Daniel in the Lyin’s Den

Yesterday I found myself. Online, that is. I was cited ambivalently as “some guy” in the Uncommon Descent blog comments, noting my Creationism’s White Box podcast. For those unfamiliar with Uncommon Descent, this is a blog hosting many posts by William Dembski, a leading creationist. Finding myself there, I instantly recalled that Daniel was never masticated in the lion’s den.

Not being one to judge without good cause, I read the critique with care. It read: “Some guy I read in the last few days here [link to my podcast] has suggested (to the approval of a few clerics) that creationism is an early 20th century phenomenon but all he’s really done is conflate creationism with the Creationist movement that grew out of, or was associated with, the publication of ‘The Fundamentals’.” Since academics like to split hairs (and even atoms), I thought I’d use today’s post to explain, in History 101 style, the problems with this assertion.

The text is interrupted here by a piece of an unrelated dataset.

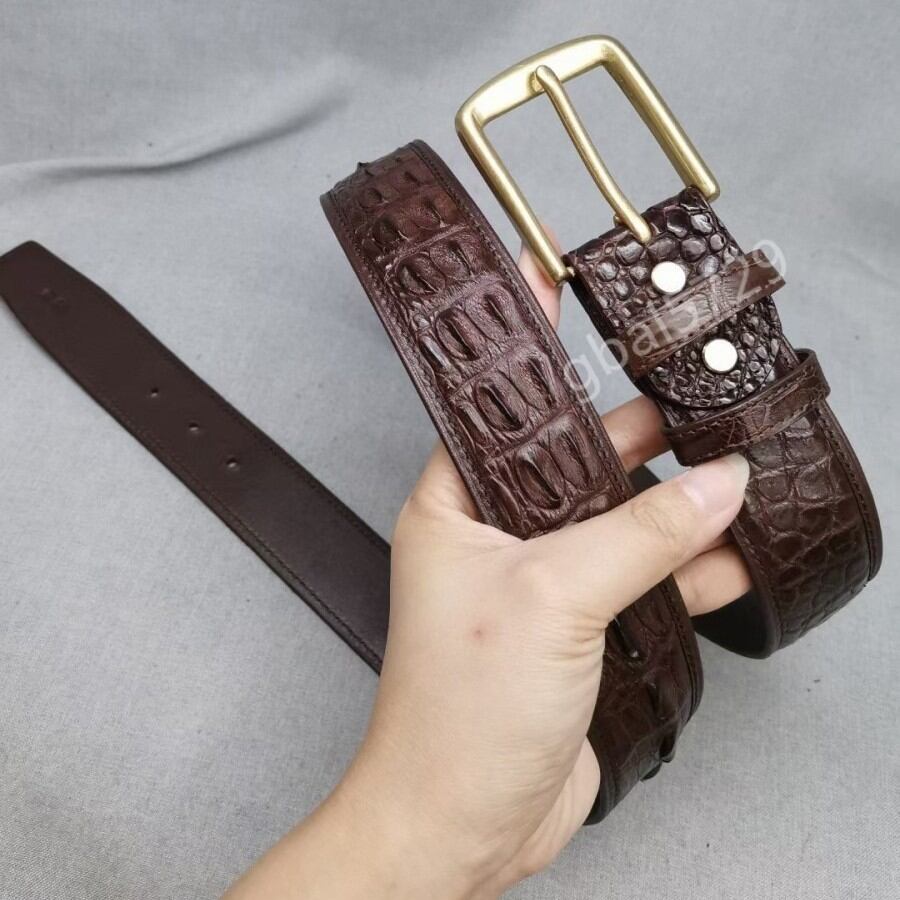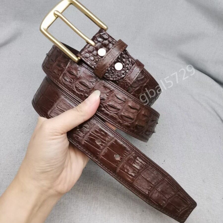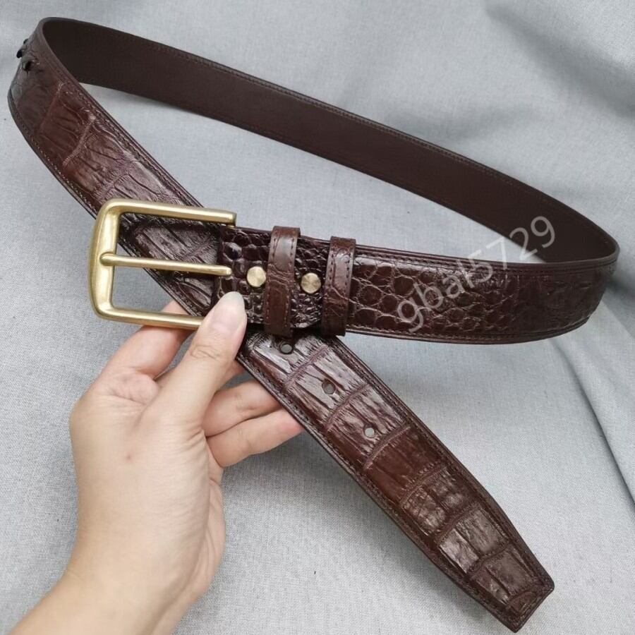 貴重な一枚革 クロコダイルレザー ワニ革保証 メンズ ベルト 本革 長さ100cm-125cm選択 巾38mm 穴あけ器付き ブラウン

Creationism, like any other human enterprise, has a history. Christianity was born in a literalistic age, of sorts. Early Christians took the Hebrew Bible (pretty much The Bible in those days) literally. Belief in a flat earth and mythic beings still predominated the upper cortices of early brains too. My detractor could have been correct had the conflationism charges been laid at my door prior to the Enlightenment. The fact is that everyone born since the eighteenth century (academically speaking) has had access to science and the facts we’ve ascertained about our world. One of those sets of facts has had to do with evolution, and another with the history of the Bible. Interestingly, both of these sets of facts coincide perfectly: biological evolution took place and the Bible was a product of its environment. These truths have been available for centuries for any who would look at them.

The veracity of this statement is attested by the nearly universal acceptance of evolutionary theory by Christians in the western world in the late nineteenth century. Creationism, as such, did not exist at this time. It was in reaction to a number of social and theological factors that Creationism first hatched around the turn of the twentieth century. It was a new bird (I’ll avoid saying “hopeful monster”). Any claim that it was a default version of Christianity is strictly Retro — any such claim is tantamount to declaring that the Enlightenment never happened. I’m not a supporter of revisionist history, so I just can’t accept this flimsy construct. Fact is, Creationism is relatively new.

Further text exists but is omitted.